Зарисовка, что и говорить, не только изумительно живая, но и точная; достаточно уже немного вчитаться в любую из книг философа, чтобы опознать в ней именно эту субъективную импрессию очевидца: некий Давид, облаченный наготою скептицизма и зашибающий кегельбанными шарами многодумных и тучных мыслями Голиафов академической философии. Во всяком случае, философ, никак не укладывающийся в расхожую оценку философа; скорее уж игрок, фокусник, эпатёр идей, некий прожигатель философии, использующий её как клавиатуру для виртуознейших импровизаций на любую — умозрительную или просто бытовую — тему.
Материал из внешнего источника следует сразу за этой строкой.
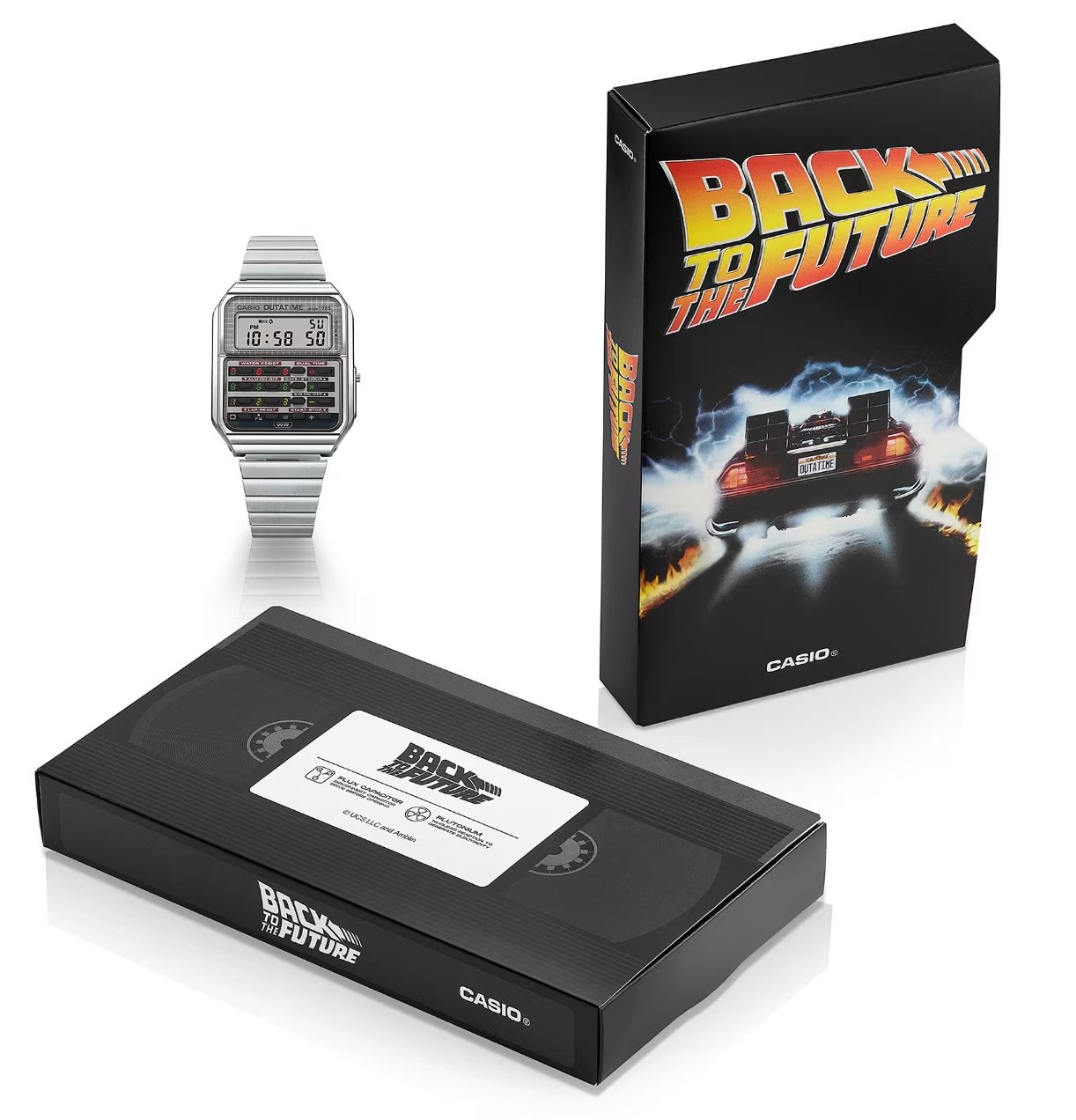 Casio greift tief in die Retro-Kiste: Die neue Sonderedition basiert auf dem klassischen CA-500-Design der 1980er-Jahre, also genau jener Uhr, die damals wie heute ein Symbol für futuristische Coolness war. Auf der Rückseite prangt eine Gravur des Fluxkompensators, jenes fiktiven Bauteils, das im Film die Zeitreisen ermöglicht – ein liebevolles Detail für Fans.

Вот еще один эпизод — на сей раз в стиле «драмы сатиров»: «По окончании докторского экзамена (у Гуссерля, кажется) он устроил в маленьком городишке немецком пирушку, по немецкому обычаю пригласивши экзаменаторов и друзей; но перепутал и дни, и часы; явившися в ресторан и увидевши убранный, но пустующий стол, он бросился бегать по городу, нанимая извозчика за извозчиком; их всех собравши, уселся на первого; махая рукой, в сопровождении десятка пустых пролеток, летел с шумом и гиком по улицам провинциального городка; профессора, их супруги, доценты с недоумением наблюдали из окон, как перед роем летевших пролеток пустых новоиспеченный герр доктор Шпетт летел в черном цилиндре и белом крахмале; все извозчики города принимали участие в манифестации этой; и принесясь к ресторану, приняли участие в пире вместо герров доцентов и докторов»[92].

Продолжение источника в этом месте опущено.